A question about SubString

Hello,
What is the difference between SubString and Indexing? I did:

julia> str = "Where the mind is without fear"
"Where the mind is without fear"

julia> SubString(str, 1, 5)
"Where"

julia> str[1:5]
"Where"

The results of both are the same. When should I use SubString?

Thank you.

Creating a String requires a new allocation on the heap, where the string stores a full copy of its data. A SubString, because it refers to an existing String, only needs to store references, and therefore requires no heap allocation to create.
A SubString is essentially a pointer and two integers.

3 Likes

Hello,
Thank you so much for you reply.
So, when I use str[1:5], does it allocate new memory on the heap?
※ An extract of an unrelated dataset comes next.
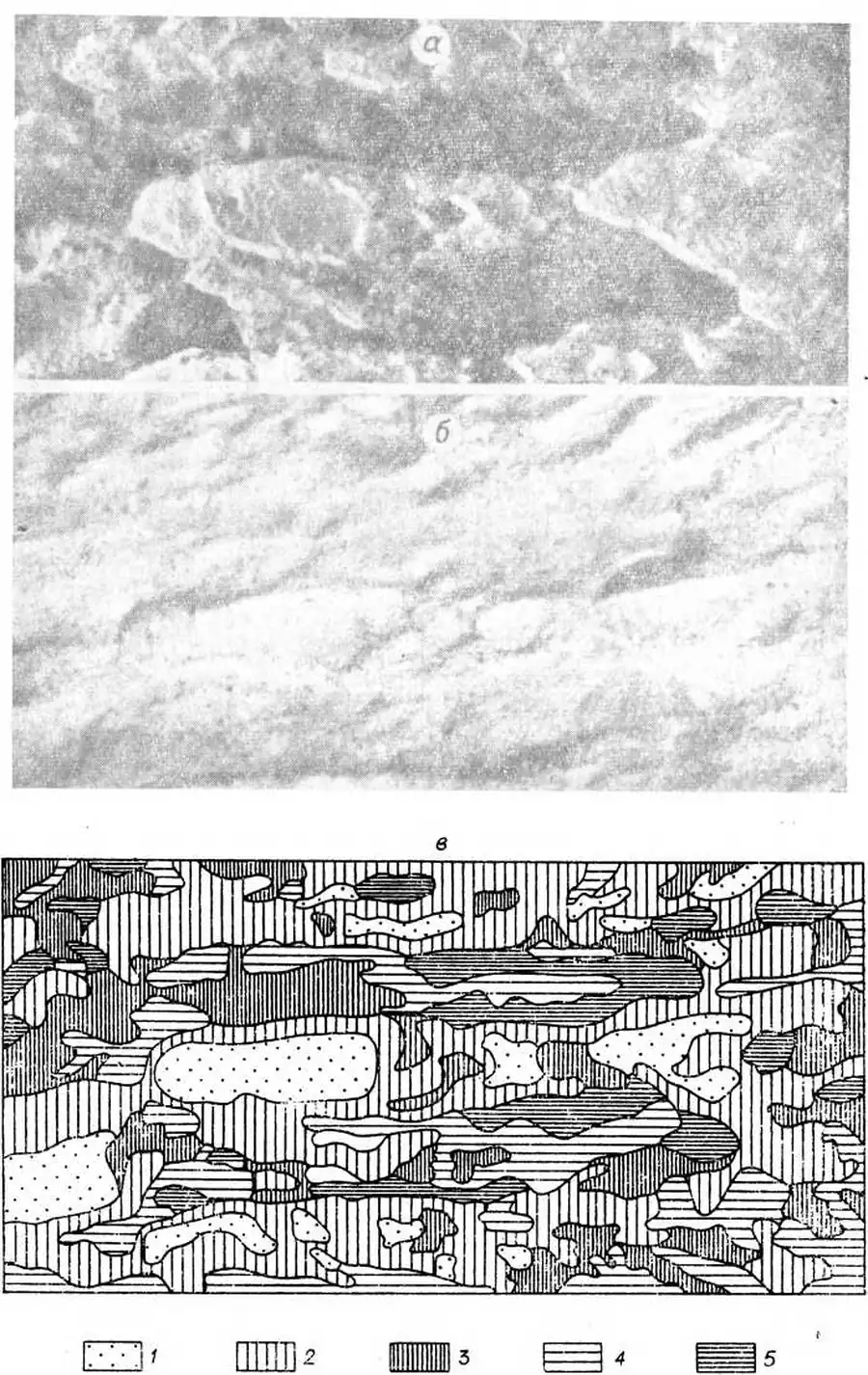 а— аэроснимок песков Черкезли в масштабе 1 : 5 000 (апрель), б — аэроснимок тек же песков (август), в — фрагмент карты с показом сезонной ритмики растительности: 1 — барханные пески с единичными экземплярами селина и кустарниковых псаммофитов (сезонные изменения выражены слабо), 2 — слабозакрепленные пески с песчанополынно-сингреновыми белосаксаульниками (сезонные изменения умеренные с максимумом вегетативной массы летом), 3—полузакрепленные пески с илачно-полынными белосаксаульниками (сезонные изменения значительны с максимумом вегетации эфемероидов весной и кустарников с кустарничком летом, 4 — закрепленные пески с полукустарничковыми илачниками (сезонные изменения резкие с максимумом вегетации весной), 5 — закрепленные пески с полынниками илачно-эфедровыми (сезонные изменении резкие с максимумом вегетации весной).

Yes, it creates a full copy of the string, stored on the heap

1 Like

Slight nitpick: the new String is not semantically required to be allocated on the heap. It’s extremely likely to end up there, but it’s not a semantic requirement.

That being said, the main difference between indexing and calling SubString stands - the former creates a copy, while the latter merely stores the indices into the existing String. SubString is what you get from @view str[1:5].

4 Likes

It may or may not be obvious: the tradeoff of not creating a copy is that the parent string object cannot be freed by the GC. If that string is large and you don’t need to keep it around then you want to copy the part of the data you need.

4 Likes

once we have a moving GC, we could possibly do some tricks here where we could copy the substring and free the original if the original string dies (not sure if we could implement this in Julia, possibly with some sort of weaktef+finalizer?)

3 Likes

Hello,
Thank you so much for your reply.
What is GC?

Garbage collector; roughly speaking it removes objects that are not needed anymore from memory (“freeing” the memory). In Julia this is called automatically. In other languages, such as C, it’s the responsibility of the programmer.

3 Likes